Vader en moeder hebben nog aangevoerd dat de rechter vooringenomen is omdat hij zegt het verzoek van de GI serieus te nemen. De rechter moet beslissen over elk verzoek dat aan hem wordt voorgelegd en in die zin moet hij elk verzoek serieus behandelen en beoordelen. Het enkele feit dat de rechter zegt een verzoek serieus te nemen, maakt niet dat hij blijk geeft van vooringenomenheid.
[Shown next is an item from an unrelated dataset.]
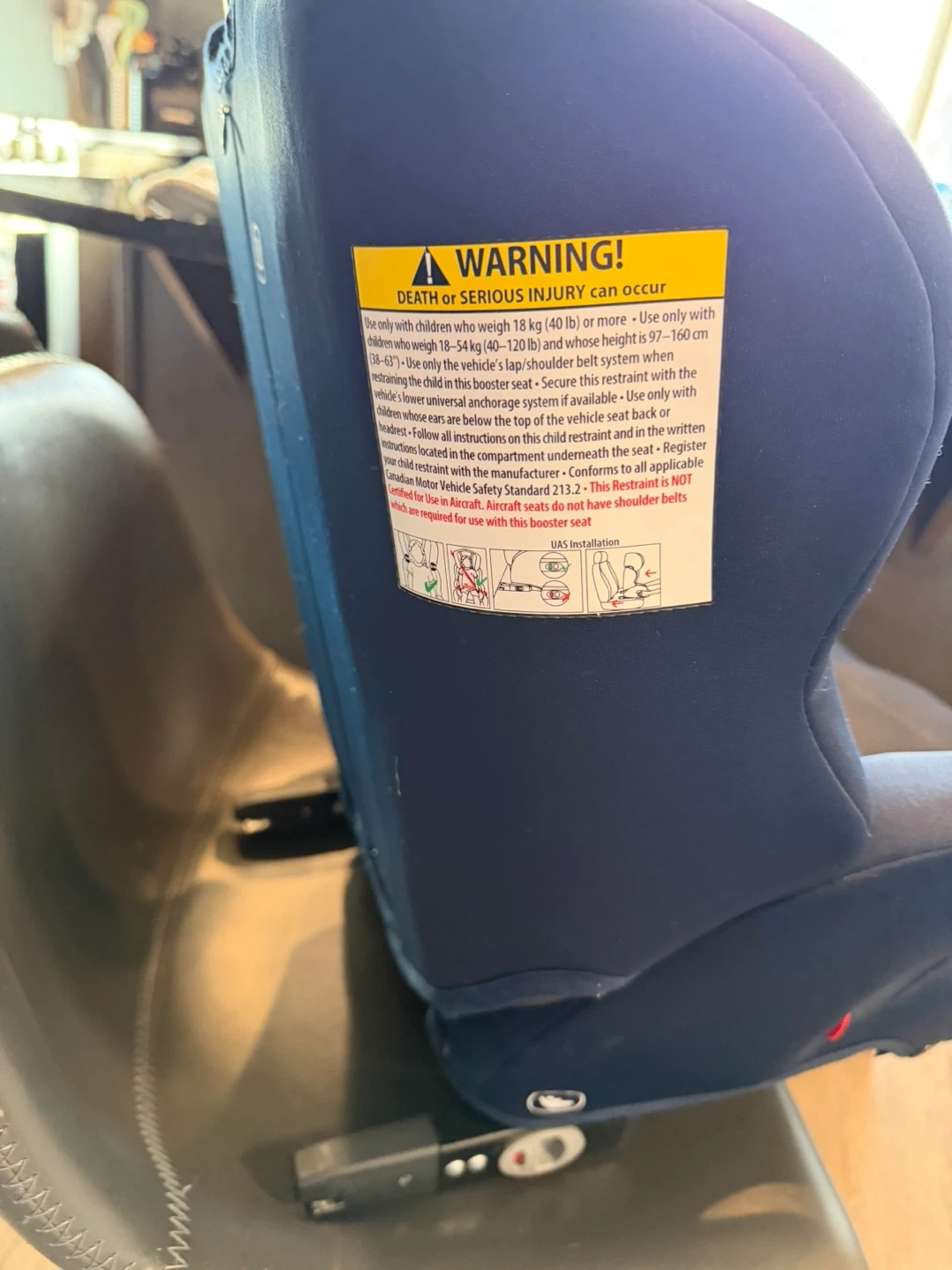 This Diono booster car seat is suitable for children weighing 18 kg (40 lbs) or more. It's designed for use with the vehicle's seat belt and offers adjustable head support. Installation is straightforward with UAS (Universal Anchorage System) compatibility.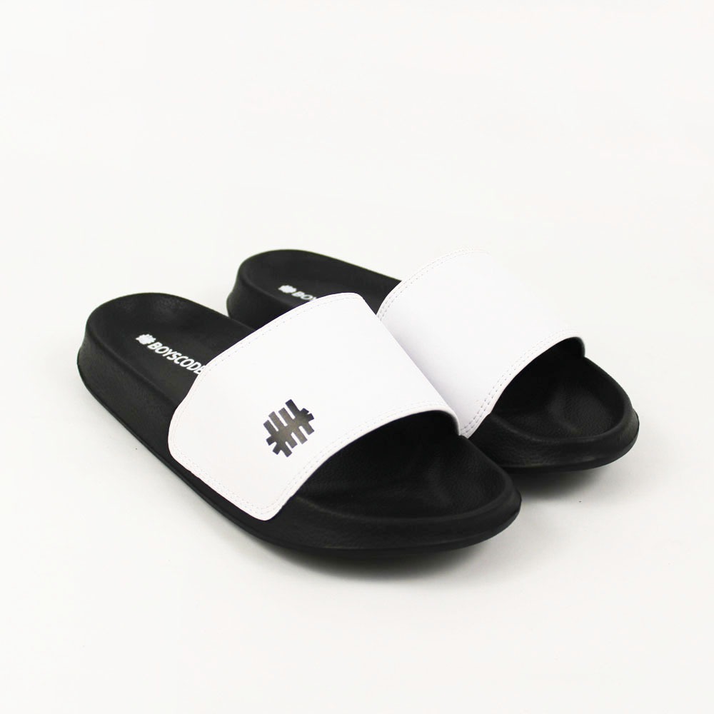 BOYSE Sendal Selop Distro Pria Wanita Original Petir Logo Hitam Putih / Slop Pria / Slip On Pria

Daarmee zegt hij immers niet hoe hij inhoudelijk tegen dat verzoek aankijkt of hoe hij daarover zal beslissen.
3.5.
Dit betekent dat de wrakingskamer het verzoek ongegrond zal verklaren.

4.De beslissing

De wrakingskamer:
4.1.
verklaart het verzoek tot wraking ongegrond;
4.2.
draagt de griffier van de wrakingskamer op deze beslissing toe te zenden aan verzoekers, de gewraakte rechter, andere betrokken partijen, alsmede aan de voorzitter van het team familierecht, waarin de rechter werkzaam is en de president van deze rechtbank;
4.3.
bepaalt dat de behandeling van de zaak met zaaknummer C/16/508593 / JE RK 20-1814 dient te worden voortgezet in de stand waarin deze zich bevond op het moment van de schorsing vanwege het wrakingsverzoek.
Deze beslissing is gegeven door mr. H.A. Brouwer, voorzitter, mrs. R.C. Stijnen en A. van Dijk als leden van de wrakingskamer, bijgestaan door mr. L.C.J. van der Heijden en in het openbaar uitgesproken op 7 oktober 2020.
Tegen deze beslissing staat geen rechtsmiddel open.